The discovery of the Mosura — part of the extinct group, radiodonts — revealed that the creature was much more complex than fossils of other radiodonts previously suggested, according to researchers.

Rather than the simple abdomen-like area observed in other radiodonts, at its rear, this creature's body included 16 segments lined with gills, similar to modern arthropods.

"One of the really interesting things about this discovery is that multi-segmented abdomen-like region of the body of this new species, and it's something that we haven't seen in any of its close relatives before," Moysiuk said. "It shows us that these animals were capable of modifying different regions of their body and specializing them for different sorts of functions, which is something that we see in a lot of the living relatives."

The well-preserved fossil showed the Mosura's open circulatory system, consisting of a heart that pumped blood into large body cavities, called lacunae.

The sea moth is believed to have used its body flaps to swim similarly to modern stingrays, sharing the waters with fellow radiodont and early apex predator, the iconic Anomalocaris canadensis.

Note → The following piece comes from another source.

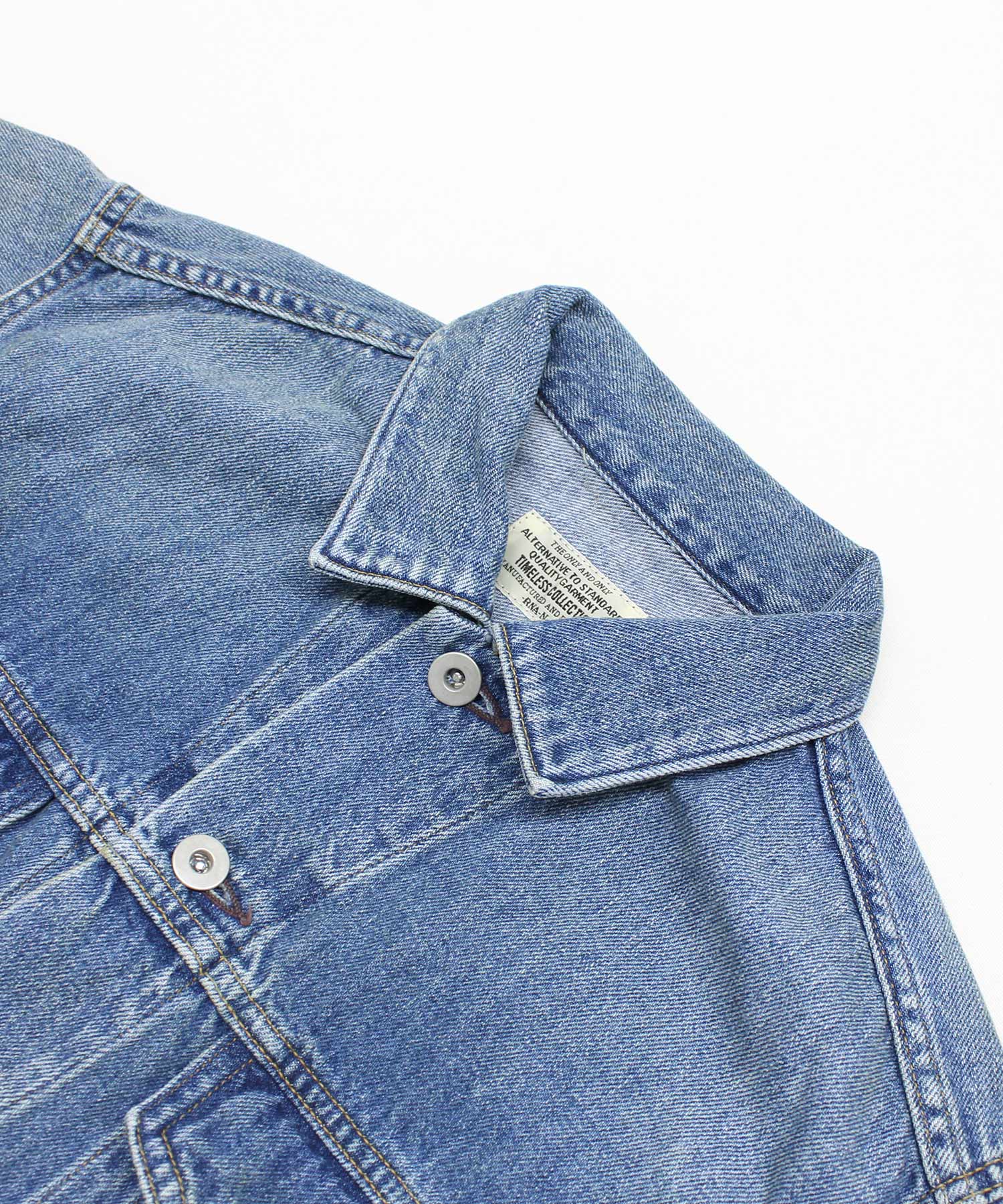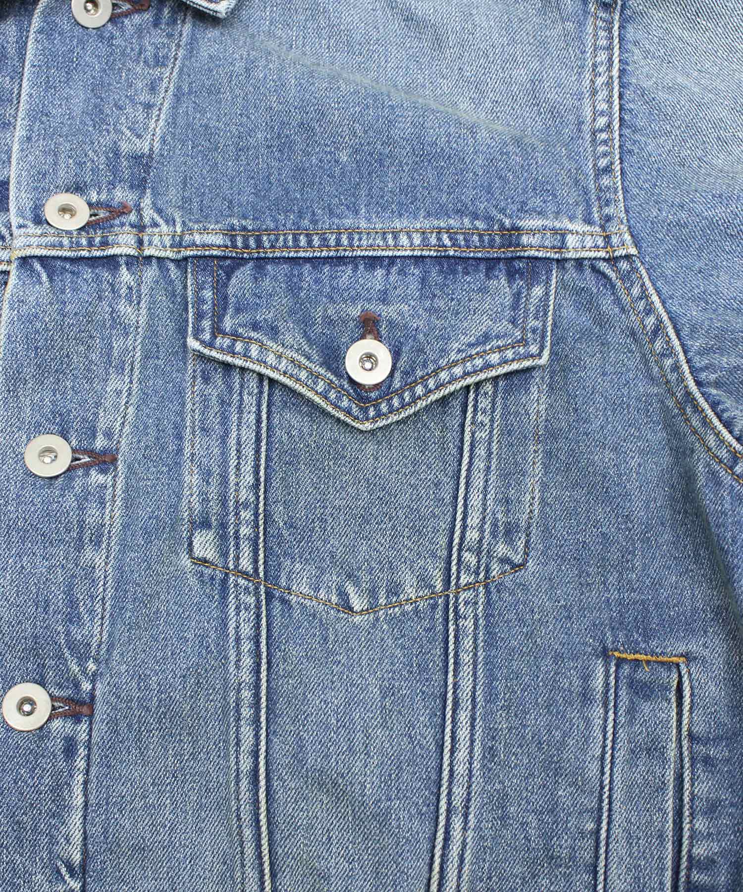 こちらのデニムジャケットは国産の甘撚りのデニムを使用しています。

Stewart Edie, a paleobiologist at the Smithsonian Museum of Natural History, said the discovery of the Mosura gives scientists better insight into how diverse life on Earth was even prior to the Cambrian explosion — during which complex life began to take shape.

"The Cambrian Explosion is famous for setting up the foundational body plans for most of the major animal groups we know today — but less clear has been how quickly or extensively evolution was proceeding within them," Edie said.

"The recent discovery of Mosura shows that a group of arthropods — one long-held to be rather pedestrian in its evolutionary history compared to its close relatives — was in on the 'explosion,' too."